2016-10-10 Thread Jonathan Wakely

These DRs are only in Tentatively Ready status, but they're not
controversial so implementing them immediately seems sensible.

The deleted function is sufficient, but the static assertions are more
user-friendly (and are only tested once, not in every recursive call
to __gcd or __lcm).

* include/experimental/numeric (gcd, lcm): Make bool arguments
ill-formed.
* include/std/numeric (gcd, lcm): Likewise.
* testsuite/26_numerics/gcd/gcd_neg.cc: New test.
* testsuite/26_numerics/lcm/lcm_neg.cc: New test.

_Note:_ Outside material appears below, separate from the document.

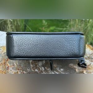 This stylish Pewter Metallic Polished Pebble Leather crossbody is a smaller bag, measuring 7 1/2” wide, 7” high and 2 1/4” deep with a 21 1/2” removable adjustable crossbody strap. While small however, this trendy crossbody can hold a large cell phone, a wallet, and keys with a little room to spare.

Tested x86_64-linux, committed to trunk.

commit a785026d8d928a1492daf6919a57d6cda714f714
Author: Jonathan Wakely 
Date:   Mon Oct 10 11:58:27 2016 +0100

LWG 2733, LWG 2759 reject bool in gcd and lcm

* include/experimental/numeric (gcd, lcm): Make bool arguments
ill-formed.
* include/std/numeric (gcd, lcm): Likewise.
* testsuite/26_numerics/gcd/gcd_neg.cc: New test.
* testsuite/26_numerics/lcm/lcm_neg.cc: New test.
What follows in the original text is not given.